Here's an article: http://www.acupuncturetoday.com/archives2004/mar/03amaro.html

zenman: i agree... just pointing out the poor standards expected of MDs in certain states...

Honest research implies studies conducted without obvious bias. In something so controversial as NP's verses M.D.'s I do not believe that this sort of research is likely to occur without a collaberative effort. The scientific method implies proposing a hypothesis, objectively testing, and then either accepting or rejecting your hypothesis based upon the data. How else would you go about fairly ascertaining the truth?

I also think that if more NP's practice independently (along perhaps with PA's) that the public will ultimately benefit by having more primary care practitioners. Even the "competition" to improve patient outcomes should ultimately serve to make health care better for everyone. Furthermore, if such an effort stimulates physicians to move away somewhat from the "specializaton trend" and to more eagerly adopt CAM interventions (when supported by empirical research) everyone is also likely to benefit.

Combine these sorts of initiatives with TORT reform and health care inflation could probably be brought under control.

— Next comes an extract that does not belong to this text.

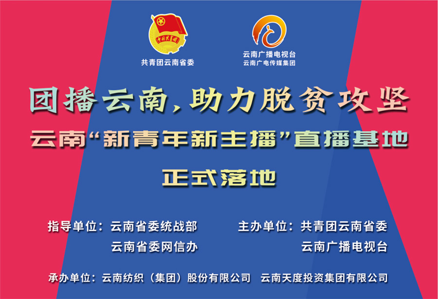 本次活动由共青团云南省委、云南广播电视台主办,在云南省委统战部新的社会阶层人士工作处、云南省委网信办社会工作处等相关部门领导及云纺集团、尊龙凯时、云南蔚岚电子商务、抖音昆明城市经理等相关企业及平台负责人、MCN机构、50多名青年主播的共同见证下,“团播云南”直播基地、云南新青年新主播直播基地正式开播。

I think physicians just cannot possibly understand how an NP can even feel comfortable practicing solo medicine. I mean come on, even right out of residency a physician is very green, and often needs to seek the advice of other physicians. How can an NP practice without knowing some of the more detailed pathophysiology taugth in medical schools? I am at least willing to admit that NP's probably get decent pharm and clin med courses compared to medical school, but without the detailed histo, path, embryo, immuno, how can one really feel confident that they know enough to practice alone? I just can't see why NP's feel the need to try and be autonomous when they are more useful working with physicians. The best NP's I have ever worked with were ones that were plenty smart enough to know that to be independent was simply dangerous. I mean if you are an NP, and the following terms are foreign to you, then my guess is you don't have the in depth knowledge necessary to practice as an independent practitioner.

Rapidly progressive glomerulonephritis (RPGN)

Focal Segmental Glomerulosclerosis (FSGS)

Carcinoid Syndrome

PTHRP secreting tumors of the lung

MEN I II and III

SIADH

Goodpastures

Wegener's

Waldenstrom's macroglobulinemia

GP41

Her2/Neu

P53

Prader Willi

Pregnenelone pathway

Finasteride

These are just off the top of my head, and are things that are common in my everyday vocabulary now, but were probably not known well to me as a PA-C when I was practicing. And the list could go on forever. PA school is way more rigorous than NP school and we all know that, but PA school is not even close to as detailed as medical school. Why can't NP's just agree that they provide excellent care when working with physicians? I would not have a problem hiring an NP in family medicine, OB, peds, but in IM, I would choose a PA, as well as in nephro, cardio, pulmo, gastro, any surgical field, and in EM I think the two are equal. But I worry about putting an NP in a rural setting alone because they have no supervisory requirements. At least a PA has to have the doc come by and sign charts, and collaborate from time to time. Well I hope I have not pissed off any of you NP's who really know your place in medicine, but I think the ones who are pushing for solo practice rights will never see eye to eye with me.

Gee....

Someone tell me when NP school stoped teaching you how to be solo?

Cause ya know... I learned that.

PA-C, DO. What is your medical speciality? Just wondering.

David Adams, ARNP

ACNP, FNP

PA-C, DO -

I am an ADN RN, and several of the terms you listed are familiar to me. In fact, I have done tutoring on SIADH.

Personally, I prefer to see an NP. Generally, they spend much more time w/ their pts, and do much better assessments and histories. And..... they don't have that "I can't be bothered" attitude that so many docs have.